| Task objective |
From the records below, print only the part that opens with the line containing "90年代のChampionリ" and closes with the line containing "FIGARO Pitted Black"; omit the pictures.

| Provided records |
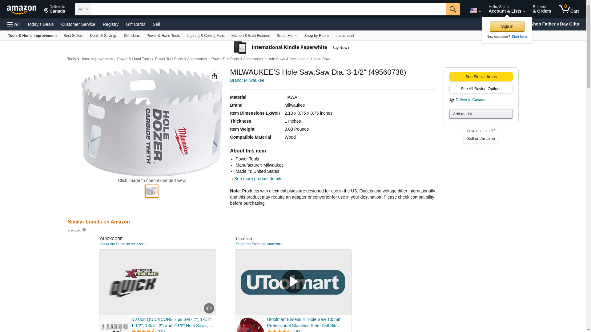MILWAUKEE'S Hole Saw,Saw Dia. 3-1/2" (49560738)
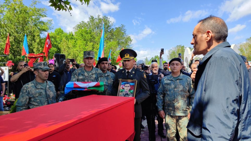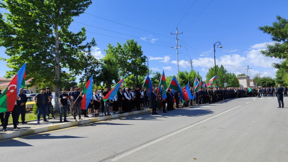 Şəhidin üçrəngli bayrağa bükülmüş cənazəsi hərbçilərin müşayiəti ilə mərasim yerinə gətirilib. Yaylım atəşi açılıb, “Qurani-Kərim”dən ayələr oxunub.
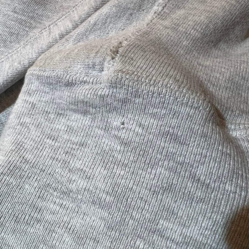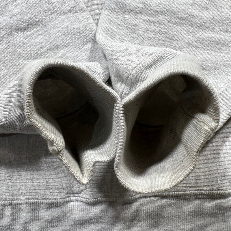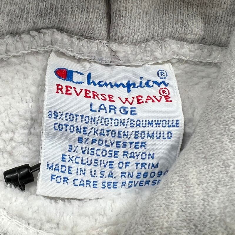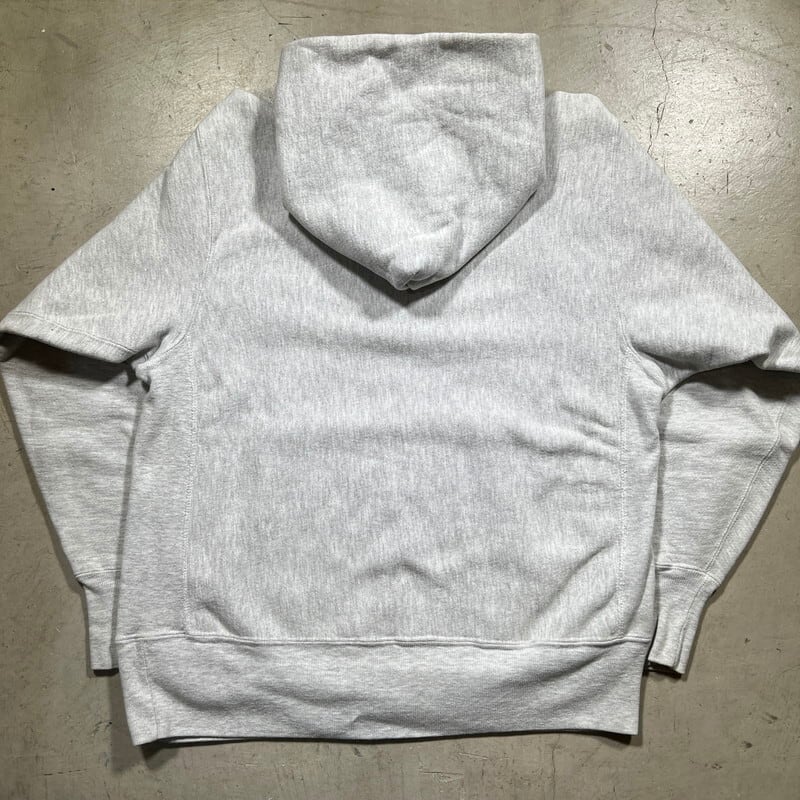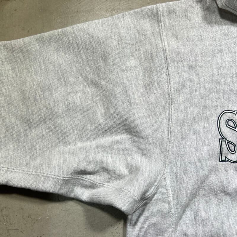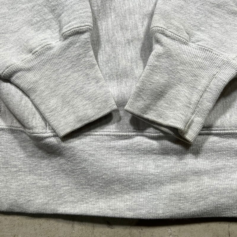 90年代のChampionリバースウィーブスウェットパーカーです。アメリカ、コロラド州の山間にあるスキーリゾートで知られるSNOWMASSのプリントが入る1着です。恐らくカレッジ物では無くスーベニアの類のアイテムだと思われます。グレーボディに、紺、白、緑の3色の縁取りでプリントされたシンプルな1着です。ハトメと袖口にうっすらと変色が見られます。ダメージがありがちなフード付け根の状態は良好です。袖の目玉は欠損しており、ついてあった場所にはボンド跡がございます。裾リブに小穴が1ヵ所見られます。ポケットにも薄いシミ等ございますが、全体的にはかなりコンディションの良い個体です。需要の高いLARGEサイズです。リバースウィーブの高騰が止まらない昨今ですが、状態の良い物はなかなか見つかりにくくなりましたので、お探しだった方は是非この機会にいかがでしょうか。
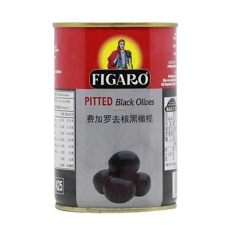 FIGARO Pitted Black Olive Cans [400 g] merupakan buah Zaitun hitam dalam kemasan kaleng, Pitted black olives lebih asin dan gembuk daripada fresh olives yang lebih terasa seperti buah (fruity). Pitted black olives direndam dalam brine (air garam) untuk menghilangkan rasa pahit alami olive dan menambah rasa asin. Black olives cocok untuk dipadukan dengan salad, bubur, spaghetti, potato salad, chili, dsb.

---

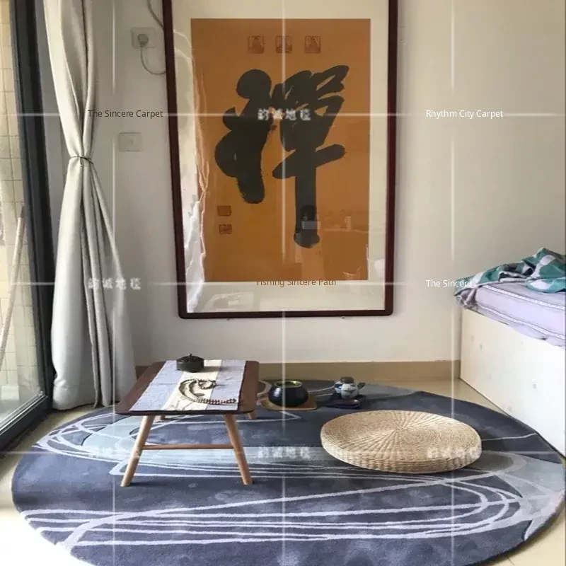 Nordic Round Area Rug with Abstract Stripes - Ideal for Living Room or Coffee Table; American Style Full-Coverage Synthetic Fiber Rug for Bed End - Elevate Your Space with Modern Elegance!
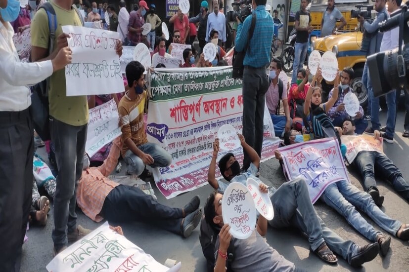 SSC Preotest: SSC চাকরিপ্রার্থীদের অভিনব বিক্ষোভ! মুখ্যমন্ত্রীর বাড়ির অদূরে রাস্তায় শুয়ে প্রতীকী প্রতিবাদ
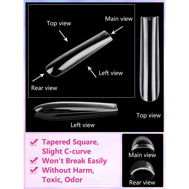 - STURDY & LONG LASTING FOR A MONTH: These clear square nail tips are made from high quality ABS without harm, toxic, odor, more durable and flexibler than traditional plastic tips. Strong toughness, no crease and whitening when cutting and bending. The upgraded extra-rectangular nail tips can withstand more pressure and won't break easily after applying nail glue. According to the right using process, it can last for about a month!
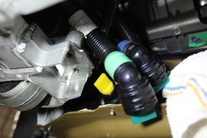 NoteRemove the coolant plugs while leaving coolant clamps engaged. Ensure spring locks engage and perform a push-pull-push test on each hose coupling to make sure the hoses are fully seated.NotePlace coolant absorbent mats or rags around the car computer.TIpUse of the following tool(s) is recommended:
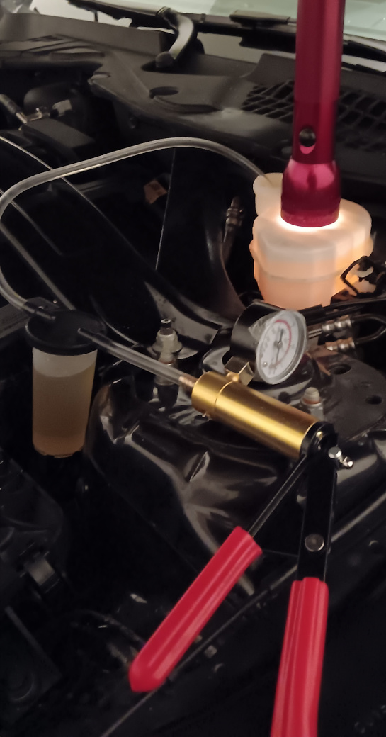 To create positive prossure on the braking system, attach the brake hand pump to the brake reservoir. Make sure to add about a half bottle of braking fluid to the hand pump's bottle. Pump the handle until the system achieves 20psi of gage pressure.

| Answer to the problem |
 90年代のChampionリバースウィーブスウェットパーカーです。アメリカ、コロラド州の山間にあるスキーリゾートで知られるSNOWMASSのプリントが入る1着です。恐らくカレッジ物では無くスーベニアの類のアイテムだと思われます。グレーボディに、紺、白、緑の3色の縁取りでプリントされたシンプルな1着です。ハトメと袖口にうっすらと変色が見られます。ダメージがありがちなフード付け根の状態は良好です。袖の目玉は欠損しており、ついてあった場所にはボンド跡がございます。裾リブに小穴が1ヵ所見られます。ポケットにも薄いシミ等ございますが、全体的にはかなりコンディションの良い個体です。需要の高いLARGEサイズです。リバースウィーブの高騰が止まらない昨今ですが、状態の良い物はなかなか見つかりにくくなりましたので、お探しだった方は是非この機会にいかがでしょうか。
 FIGARO Pitted Black Olive Cans [400 g] merupakan buah Zaitun hitam dalam kemasan kaleng, Pitted black olives lebih asin dan gembuk daripada fresh olives yang lebih terasa seperti buah (fruity). Pitted black olives direndam dalam brine (air garam) untuk menghilangkan rasa pahit alami olive dan menambah rasa asin. Black olives cocok untuk dipadukan dengan salad, bubur, spaghetti, potato salad, chili, dsb.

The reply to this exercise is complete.